Швайцер: Я разглядывал карту отдаленных районов России — мне вообще интересны далекие деревни — и увидел, что есть населенный пункт, севернее которого нет ничего. Так оформилась идея — отправиться куда-то по-настоящему далеко. Это то, что невозможно сделать в маленькой и очень густонаселенной Швейцарии, где до любого места можно добраться за несколько часов.
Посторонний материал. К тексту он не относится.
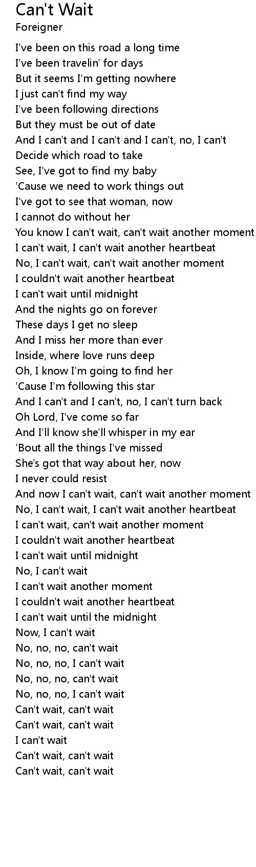 No, I can't wait, can't wait another moment |
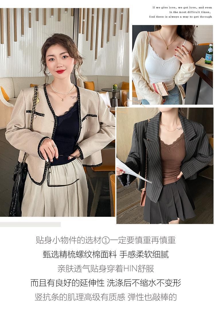 标题:美背蕾丝性感百搭吊带背心女带胸垫春秋气质V 领打底外穿修身上衣

Так вот, идея была в том, чтобы увидеть, как люди живут в месте, куда прилетает один самолет в неделю, куда не ходят поезда.

© Beat Schweizer

— Вы исследуете маленькие и далекие деревни как противоположность всему швейцарскому?

Маннхарт: Нет, я не готов делать такие обобщения. Это сопоставление личного опыта. Я вот вырос в деревне, где автомобилей больше, чем людей.
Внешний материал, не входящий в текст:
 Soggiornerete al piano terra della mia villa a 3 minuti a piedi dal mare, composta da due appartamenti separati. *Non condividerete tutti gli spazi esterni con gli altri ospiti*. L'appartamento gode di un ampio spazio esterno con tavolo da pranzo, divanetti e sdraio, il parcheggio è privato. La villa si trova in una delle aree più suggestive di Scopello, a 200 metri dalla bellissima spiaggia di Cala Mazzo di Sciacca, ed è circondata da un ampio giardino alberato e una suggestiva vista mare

Швайцер: Наш первый подобный проект был сделан на Украине, на железнодорожной станции Вадул-Сирет. Это деревня на границе Украины и Румынии, в которой переставляют поезда на узкую европейскую колею, не выпуская пассажиров из вагонов. Железная дорога в Вадул-Сирете — главный работодатель для местных жителей, а еще там есть пограничники и таможенники. Дважды в день там проходит поезд, и больше не происходит ничего. Настоящая граница во всех отношениях. После Вадул-Сирета мы и стали работать в маленьких деревнях. А мой интерес к Восточной Европе возник, когда еще во время учебы я снимал цыган в сербской части Косова. Я до сих пор дружу с людьми из Грачаницы. Я недавно, буквально несколько дней назад, стал крестным отцом маленького мальчика — я был там через два дня после его рождения. После работы в Косове меня очень заинтересовали Балканы, а потом и вся Восточная Европа.

— Но Диксон — за пределами представлений о том, что такое «Восточная Европа». Это уже настоящая граница не империй, а обитаемого мира.
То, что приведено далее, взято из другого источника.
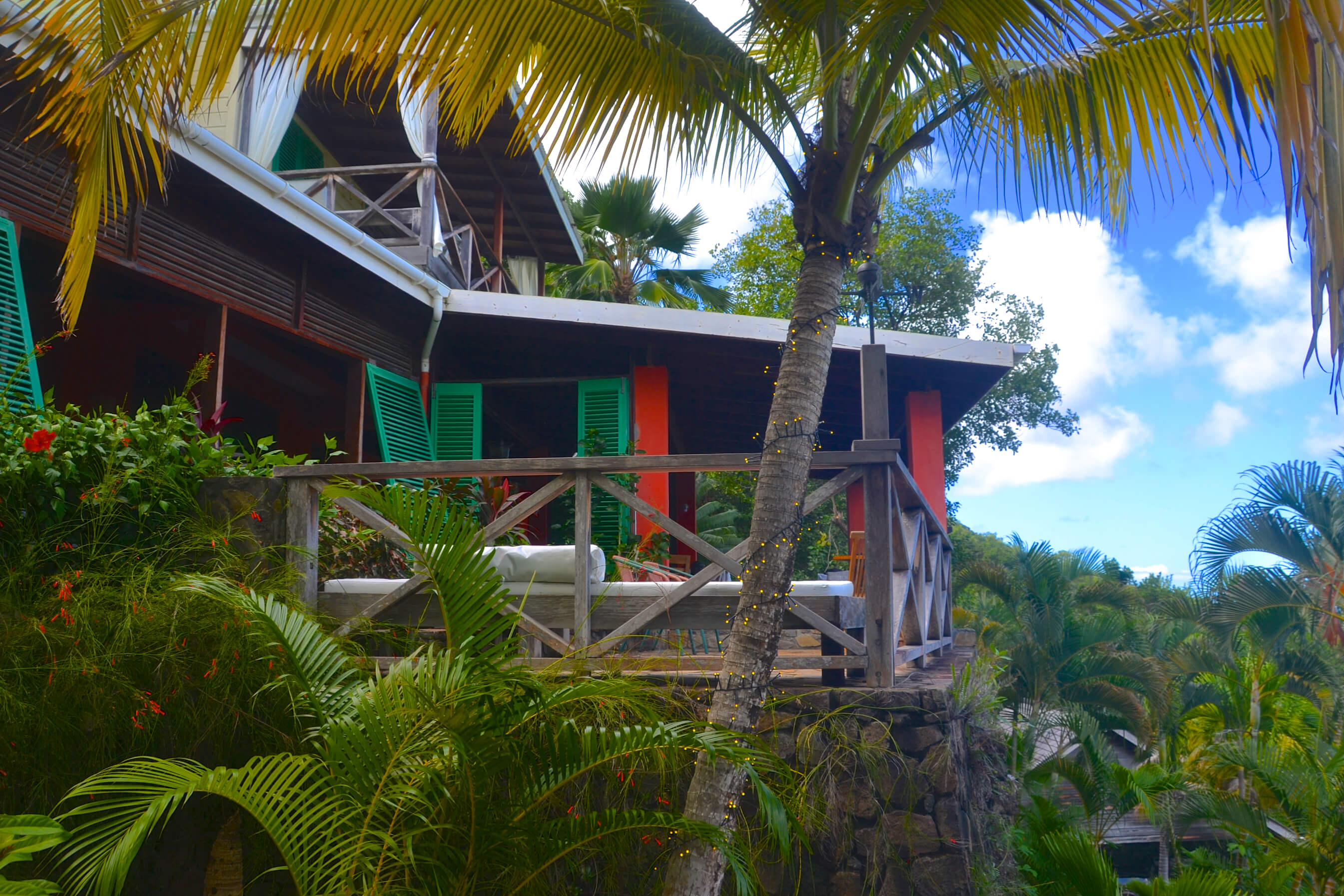 The very heart of Lime Tree Villa is a vast stone and wooden veranda. This is a spacious cool and comfortable area for relaxation, with plenty of chairs, sofas and cushions to your heart's content! Various seating areas around the veranda and surrounding lush gardens mean you can always find the perfect spot to relax and read a book whilst taking in these special ocean views.

Маннхарт: Териберка в чем-то потрясла больше Диксона. Вот Териберка на краю цивилизации. А Диксон — это совершенно отдельный мир, мир сам по себе.

Швайцер: В Териберку все-таки ведет дорога, туда можно приехать на машине. А в Диксон — только прилететь на вертолете раз в неделю. Это одиночество, отдельность — самое главное, что мы нашли в Диксоне.

Швейцарское благополучие основано на неблагополучии таких мест, как Териберка.

Маннхарт: Хорошо, что по пути на Север нам пришлось задержаться в Москве, чтобы оформить официальные бумаги. Мы остро почувствовали контраст.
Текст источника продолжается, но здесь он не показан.